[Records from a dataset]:

•••••

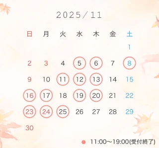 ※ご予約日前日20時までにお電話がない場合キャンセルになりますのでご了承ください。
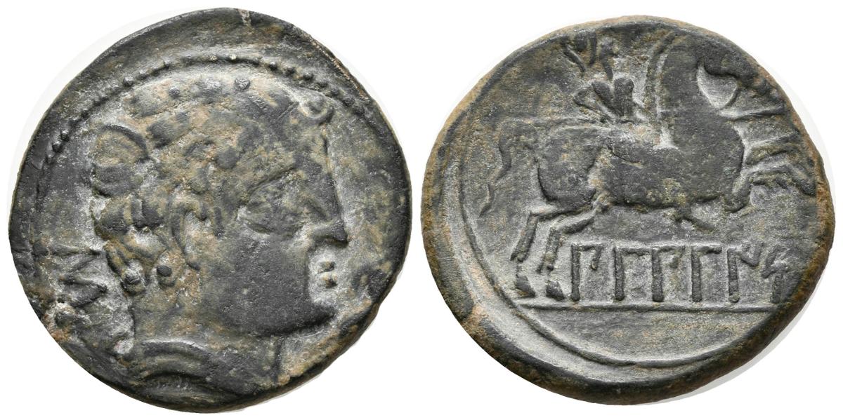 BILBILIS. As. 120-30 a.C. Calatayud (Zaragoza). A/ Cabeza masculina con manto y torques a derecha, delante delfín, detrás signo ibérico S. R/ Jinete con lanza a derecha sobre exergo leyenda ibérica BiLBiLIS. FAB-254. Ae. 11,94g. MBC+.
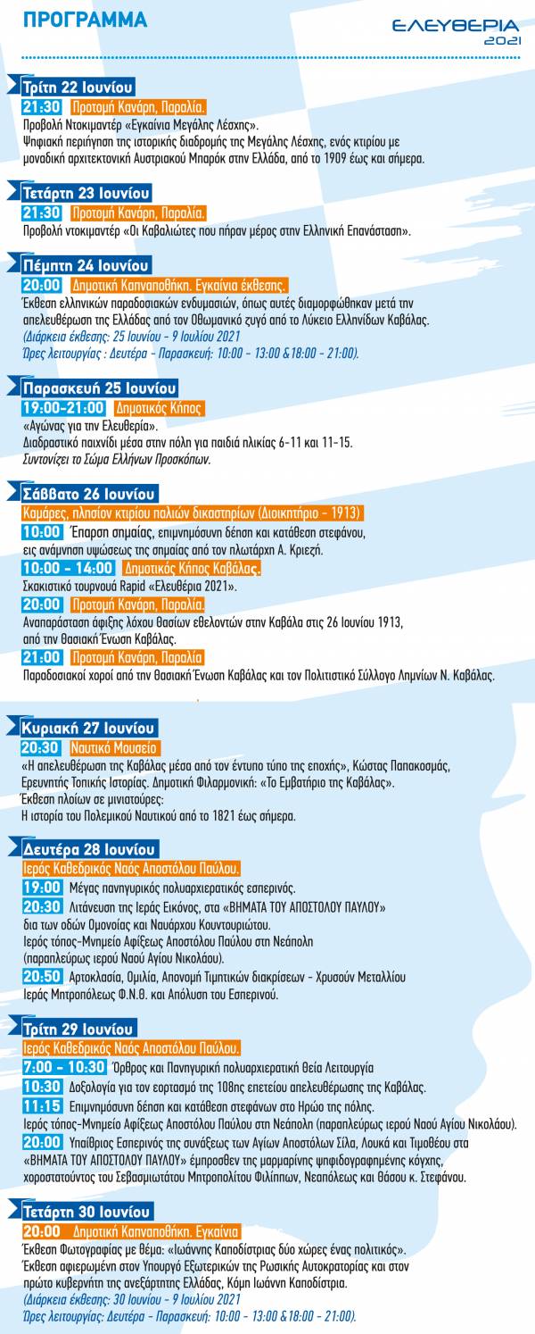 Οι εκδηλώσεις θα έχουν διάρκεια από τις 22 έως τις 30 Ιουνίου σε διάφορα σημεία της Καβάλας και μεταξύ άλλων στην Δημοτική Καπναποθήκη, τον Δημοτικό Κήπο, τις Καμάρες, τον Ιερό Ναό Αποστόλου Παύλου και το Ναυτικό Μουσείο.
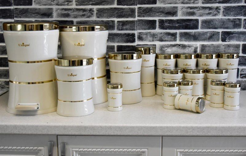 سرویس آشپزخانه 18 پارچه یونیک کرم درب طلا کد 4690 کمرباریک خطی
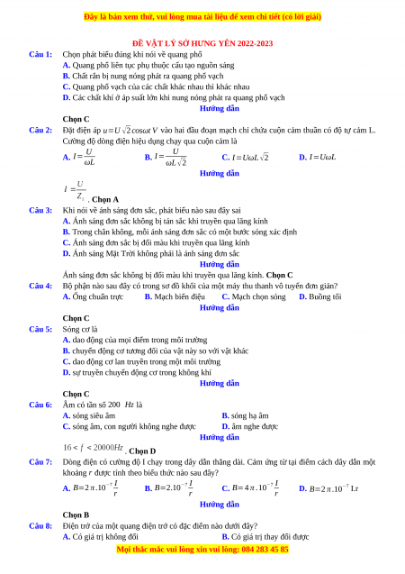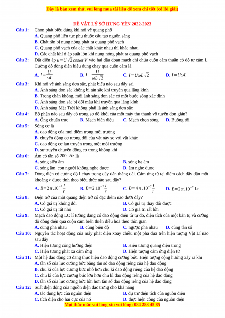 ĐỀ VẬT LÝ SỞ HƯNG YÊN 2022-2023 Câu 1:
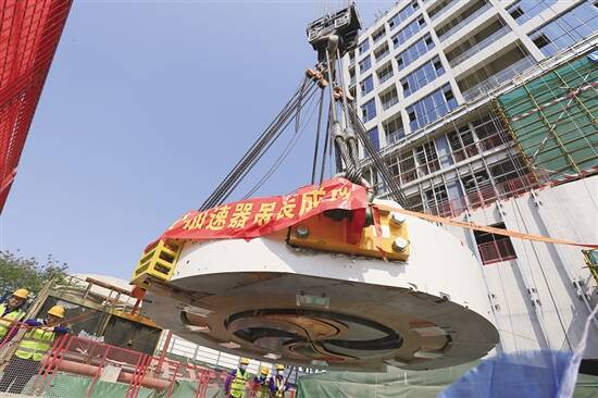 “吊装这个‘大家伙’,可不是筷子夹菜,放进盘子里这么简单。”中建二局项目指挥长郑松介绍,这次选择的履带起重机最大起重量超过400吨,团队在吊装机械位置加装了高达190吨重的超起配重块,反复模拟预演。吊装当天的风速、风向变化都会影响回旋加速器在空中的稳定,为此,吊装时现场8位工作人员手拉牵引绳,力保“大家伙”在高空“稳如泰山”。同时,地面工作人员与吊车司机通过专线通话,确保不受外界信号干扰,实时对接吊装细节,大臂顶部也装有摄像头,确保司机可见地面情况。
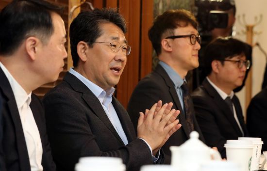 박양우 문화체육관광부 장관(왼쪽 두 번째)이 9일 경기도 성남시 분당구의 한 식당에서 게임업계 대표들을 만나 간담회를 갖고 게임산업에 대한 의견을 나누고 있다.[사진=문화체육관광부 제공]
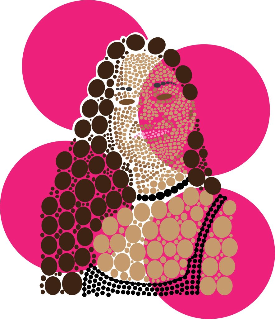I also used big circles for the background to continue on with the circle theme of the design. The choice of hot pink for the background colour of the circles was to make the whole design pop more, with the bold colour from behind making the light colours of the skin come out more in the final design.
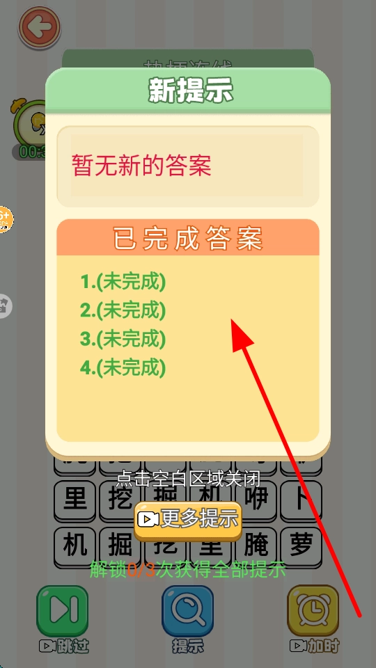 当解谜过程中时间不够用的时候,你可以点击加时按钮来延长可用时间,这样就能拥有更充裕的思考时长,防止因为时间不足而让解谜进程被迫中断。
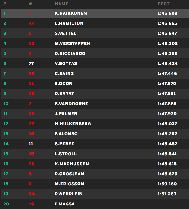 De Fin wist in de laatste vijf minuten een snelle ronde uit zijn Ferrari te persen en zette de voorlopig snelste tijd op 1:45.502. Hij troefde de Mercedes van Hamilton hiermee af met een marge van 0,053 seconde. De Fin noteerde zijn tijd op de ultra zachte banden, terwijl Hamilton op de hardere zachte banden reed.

•••••

[Work item]: Only the lines from the one with "سرویس آشپزخانه 18" through the final line of the entries above are to be repeated, exactly as written and without pictures.

[Task solution]:
 سرویس آشپزخانه 18 پارچه یونیک کرم درب طلا کد 4690 کمرباریک خطی
 ĐỀ VẬT LÝ SỞ HƯNG YÊN 2022-2023 Câu 1:
 “吊装这个‘大家伙’,可不是筷子夹菜,放进盘子里这么简单。”中建二局项目指挥长郑松介绍,这次选择的履带起重机最大起重量超过400吨,团队在吊装机械位置加装了高达190吨重的超起配重块,反复模拟预演。吊装当天的风速、风向变化都会影响回旋加速器在空中的稳定,为此,吊装时现场8位工作人员手拉牵引绳,力保“大家伙”在高空“稳如泰山”。同时,地面工作人员与吊车司机通过专线通话,确保不受外界信号干扰,实时对接吊装细节,大臂顶部也装有摄像头,确保司机可见地面情况。
 박양우 문화체육관광부 장관(왼쪽 두 번째)이 9일 경기도 성남시 분당구의 한 식당에서 게임업계 대표들을 만나 간담회를 갖고 게임산업에 대한 의견을 나누고 있다.[사진=문화체육관광부 제공]
I also used big circles for the background to continue on with the circle theme of the design. The choice of hot pink for the background colour of the circles was to make the whole design pop more, with the bold colour from behind making the light colours of the skin come out more in the final design.
 当解谜过程中时间不够用的时候,你可以点击加时按钮来延长可用时间,这样就能拥有更充裕的思考时长,防止因为时间不足而让解谜进程被迫中断。
 De Fin wist in de laatste vijf minuten een snelle ronde uit zijn Ferrari te persen en zette de voorlopig snelste tijd op 1:45.502. Hij troefde de Mercedes van Hamilton hiermee af met een marge van 0,053 seconde. De Fin noteerde zijn tijd op de ultra zachte banden, terwijl Hamilton op de hardere zachte banden reed.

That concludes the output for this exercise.